Implements a Bagging (Bootstrap Aggregating) ensemble for diagnostic models. It trains multiple base models on bootstrapped samples of the training data and aggregates their predictions by averaging probabilities.
Usage
bagging_dia(
data,
base_model_name,
n_estimators = 50,
subset_fraction = 0.632,
tune_base_model = FALSE,
threshold_strategy = "default",
specific_threshold_value = 0.5,
positive_label_value = 1,
negative_label_value = 0,
new_positive_label = "Positive",
new_negative_label = "Negative",
seed = 456
)
Arguments
- data
A data frame where the first column is the sample ID, the second is the outcome label, and subsequent columns are features.
- base_model_name
A character string, the name of the base diagnostic model to use (e.g., "rf", "lasso").

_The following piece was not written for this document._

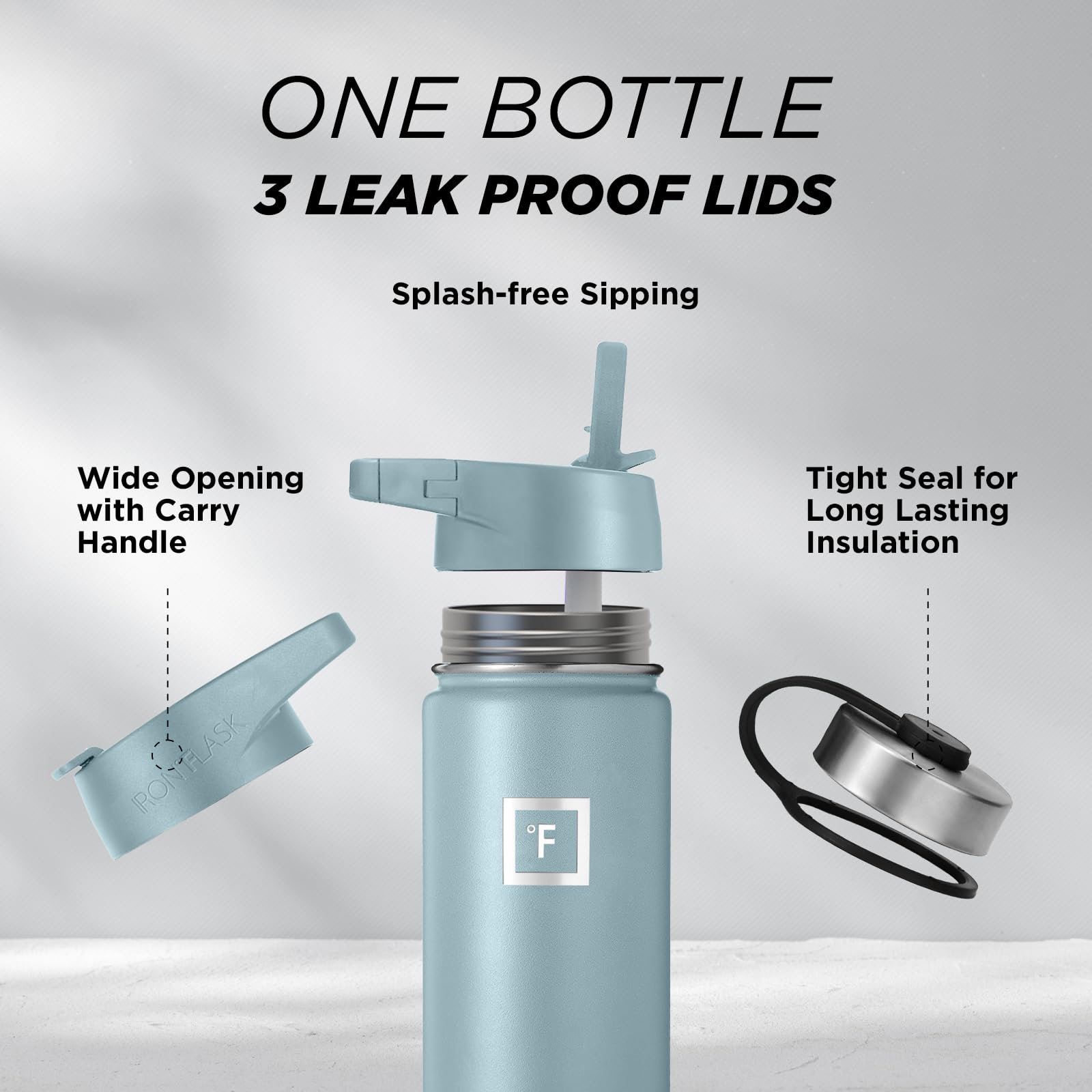 - 3 LIDS: YES, Iron Flask comes with THREE different leakproof lids. Carabiner Straw Lid with 2 Straws, Flip Lid, and a Stainless Steel Lid! *NOTE: The stainless steel lid is plastic from inside and stainless steel from outside*

This model must be registered.
- n_estimators
An integer, the number of base models to train.
- subset_fraction
A numeric value between 0 and 1, the fraction of samples to bootstrap for each base model.
- tune_base_model
Logical, whether to enable tuning for each base model.
- threshold_strategy
A character string (e.g., "f1", "youden", "default") or a numeric value (0-1) for determining the evaluation threshold for the ensemble.
- specific_threshold_value
A numeric value between 0 and 1. Only used if
threshold_strategy
is "numeric".- positive_label_value
A numeric or character value in the raw data representing the positive class.
- negative_label_value
A numeric or character value in the raw data representing the negative class.
- new_positive_label
A character string, the desired factor level name for the positive class (e.g., "Positive").
- new_negative_label
A character string, the desired factor level name for the negative class (e.g., "Negative").
- seed
An integer, for reproducibility.
Examples
# \donttest{
# This example assumes your package includes a dataset named 'train_dia'.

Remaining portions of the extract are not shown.